In addition to carefully negotiating the balance of power with various foreigners, the Sauds have done so with the religious establishment:

Though the monarch has absolute power, his authority is at least in part derived from Saudi Arabia’s Islamic religious establishment. The ulema (a group of the highest-ranking clerics) is officially integrated into the government, and plays an important role in legal matters. However, the religious establishment has slowly been marginalized by the monarchy over the last few decades, and has possibly been subjugated entirely since the reform era began five years ago.

Winning freedom of action has been a long road with many setbacks:

[King] Abdulaziz constantly had to reassure enraged Wahhabi clerics that he wasn’t selling out the Arab homeland to treacherous infidels. IIRC, it was some time in the 1920s that Abdulaziz had to publicly smash a telegraph to prove to the clerics that he wasn’t bewitched by infidel technology.

In late 1979, 400-500 extremist Sunni Saudis seized the Grand Mosque in Mecca (the holiest Islamic site on earth) and demanded the overthrow of the Saud dynasty in favor of a theocratic state meant to await an imminent apocalypse. They held on for two weeks while managing to fight off waves of Saudi police and military squads. Eventually, three French commandos flew to Mecca, converted to Islam in a hotel room, and led a successful assault to retake the Mosque. Over 100 men died on each side, with hundreds more wounded.
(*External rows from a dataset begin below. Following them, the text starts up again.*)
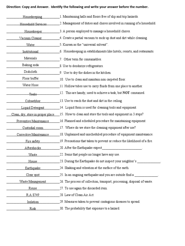 Quiz & Worksheet Housekeeping in the Hospitality Industry Housekeeping Safety Quiz How good a housekeeper are you? Quiz your students on the 5s of good housekeeping practice problems using our fun classroom quiz game quizalize and personalize. This is a housekeeping trivia that is designed to test you on workplace health and safety. Contact hazards are objects you can bump into or objects that can hit you. Everyday people show up. Housekeeping Safety Quiz.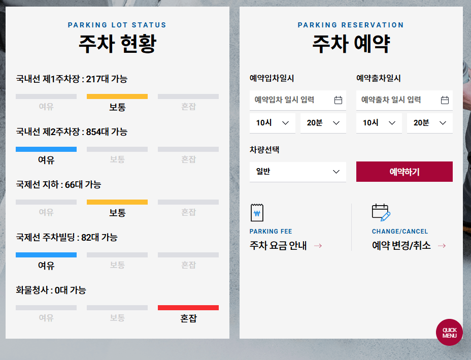 제2 주차장의 주차 예약 말고도 홈페이지를 방문하시면, 아래쪽에 주차장 현황을 바로 알 수 있습니다. 또한 바로 붙어서 주차 예약할 수 있는 섹션도 마련되어 있으니, 김포공한 홈페이지를 이용하시면 더 수월합니다.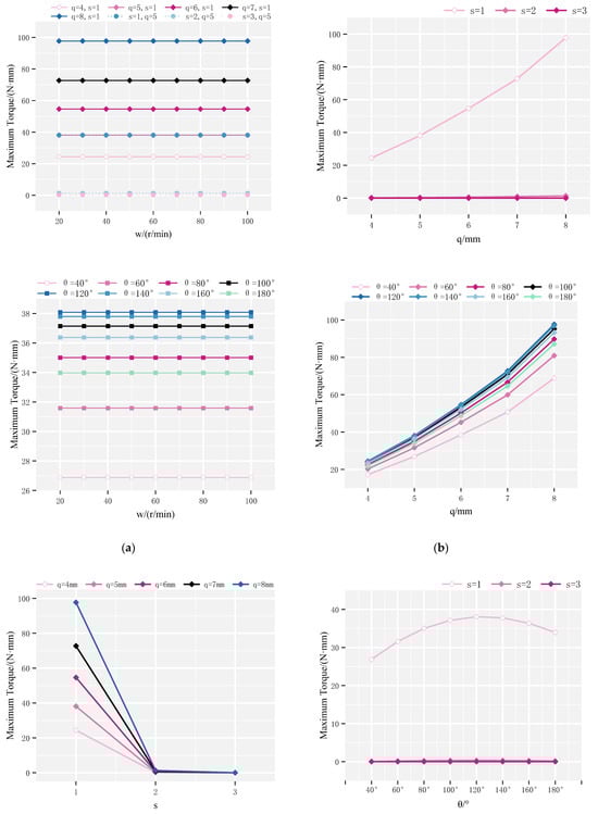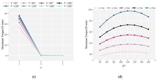 Effects of design parameters on maximum rotor torque: (a) Torque variation with under different and ; (b) Torque variation with under different and ; (c) Torque variation with under different and ; (d) Torque variation with under different and .

The Grand Mosque seizure was the final wake-up call for the Saud dynasty. Something drastic had to be done or their regime would likely be ground down under mounting internal and external pressure…. King Khalid led a social/religious/political reactionary revolution within Saudi Arabia to align with the Sunni extremists. Up until about four years ago, Saudi society was still gender segregated and enforced a largely literalist interpretation of Sharia, hence the array of bizarre and antiquated laws – gender segregation in public, requiring women to cover their faces, outlawing of non-Muslim religious buildings (there are a few Shia mosques), restrictions on foreign media, etc. Saudi Arabia was always conservative, but most of these draconian laws were only put into place in the 1980s. The Saud dynasty purposefully induced a reactionary legal regime and pulled Saudi Arabia further away from liberalism.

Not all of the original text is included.